The derailment happened January 26, 2005.
A man allegedly attempting suicide drove his Jeep onto the tracks, but as the Metrolink approached he abandoned his car and his suicide attempt, the OC Register reports.
When the Metrolink struck the car, the train jackknifed and struck two other trains on either side of it. The man who left his vehicle, Juan Manuel Alvarez, is in prison serving 11 life sentences.
Because the train was pushing cars on this leg of the trip, as opposed to pulling them, the train was easier to derail and passengers in the front cars were especially in danger, argued the victims’ attorneys.
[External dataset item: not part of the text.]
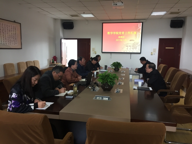 学院党委书记吴映红首先从十九大专题学习、“两学一做”常态化制度化建设、“双抓双促”大走访活动、巡视整改工作、党风廉政建设、学生思想政治工作等方面全面介绍了学院党委今年的工作进展,并介绍了学院党政密切配合,在系级架构调整、平台建设、学科建设、师资队伍建设等方面推动学院发展的情况,同时还就目前学院发展存在的问题和解决思路与办法做了汇报,特别是促进我院学科平衡发展,高端师资的引进,数学学科发展等方面工作,并希望学校对我院“江苏省网络群体智能重点实验室”的建设等方面给予进一步的支持。院长曹进德教授就进一步协调好教学和科研的关系,不断发挥数学学科的交叉优势,为我校其他学科的建设作支撑等方面工作作了汇报,其他班子就分管的工作作了补充汇报。

But last year an appellate court struck down the push-pull theory saying it is allowed under federal regulation.
The settlement covers about 90 percent of the cases with the remaining ten percent heading for a January 2010 trial.
This was the second deadliest crash in Metrolink’s history, reports the Los Angeles Times, following the crash a year ago in Chatsworth.
IB member Paul Kiesel, of Kiesel, Boucher, Larson LLP filed the first lawsuit against Metrolink on behalf of the parents of Aida Magdaleno, who was among 25 killed in that crash. The California State University, Northridge 19-year-old sophomore was going to school to become a social worker.
Attorneys say they saw a change in attitude from Metrolink after Chatsworth. Most of the cases involving serious injuries and fatalities were settled in mediations over the last six months.